I'm very suspicious that this may be due to version skew in the umount command. In el6 which doesn't fail umount is found in util-linux-ng 2.17.2, in sles11 sp2 it is in util-linux 2.19.1, don't know what the version is in FC15.
Running strace on a 'umount -f' with mds down or unreachable, in el6 I see the first significant syscall is umount():
....
{st_mode=S_IFREG|0644, st_size=480, ...}getuid() = 0
geteuid() = 0
readlink("/mnt", 0x7fff08de1ad0, 4096) = -1 EINVAL (Invalid argument)
readlink("/mnt/lustre", 0x7fff08de1ad0, 4096) = -1 EINVAL (Invalid argument)
umask(077) = 022
open("/etc/mtab", O_RDONLY) = 3
umask(022) = 077
fstat(3,
) = 0
mmap(NULL, 4096, PROT_READ|PROT_WRITE, MAP_PRIVATE|MAP_ANONYMOUS, -1, 0) = 0x7f4c55c00000
read(3, "/dev/mapper/vg_centos1-lv_root /"..., 4096) = 480
read(3, "", 4096) = 0
close(3) = 0
munmap(0x7f4c55c00000, 4096) = 0
stat("/sbin/umount.lustre", 0x7fff08de2900) = -1 ENOENT (No such file or directory)
rt_sigprocmask(SIG_BLOCK, ~[TRAP SEGV RTMIN RT_1], NULL, 8) = 0
umount("/mnt/lustre", MNT_FORCE) = 0
....
In sles11 sp2 the first significant syscall is stat() on the mount point:
....
getuid() = 0
geteuid() = 0
readlink("/mnt", 0x7fff0e6455d0, 4096) = -1 EINVAL (Invalid argument)

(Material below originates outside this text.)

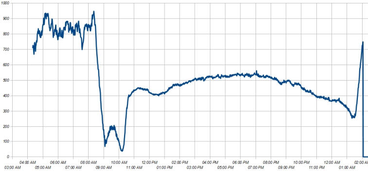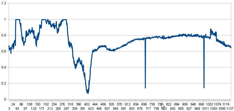 This plot shows the signal just clipping at night, a dip at sunrise, a "rolling hill" that is typical of signal strength during the day, and a little burst of something near the end of the day. Not bad for a first try. It turns out that this very old laptop is not quite up to the job. It gets "busy" now and then for no apparent reason and misses entries. Those two drop-outs are actually the computer ignoring some of the bits of a couple of measurements.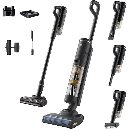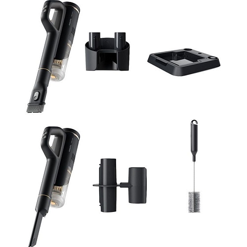 Комплектация | Блок питания • модуль для влажной уборки с насадкой AquaSpin • ручка пылесоса для влажной уборки • модуль для сухой уборки с контейнером для пыли • удлинительная центральная трубка • светодиодная насадка для сухой уборки • моторизованная минитурбощетка • щелевая насадка • комбинированная насадка 2-в-1 • док-станция очистки и хранения • лоток для очистки после использования • настенный крепеж • органайзер для насадок • адаптер питания • щеточка для очистки • документация |

readlink("/mnt/lustre", 0x7fff0e6455d0, 4096) = -1 EINVAL (Invalid argument)
stat("/mnt/lustre",
< hangs here >
It appears to be the stat() call of the mount point that gets into the permanent client loop YS has described and the umount command never gets to the umount() syscall. In earlier versions of the umount command, as seen in el6 clients, there is no stat() call and the umount() call succeeds even with the mds down.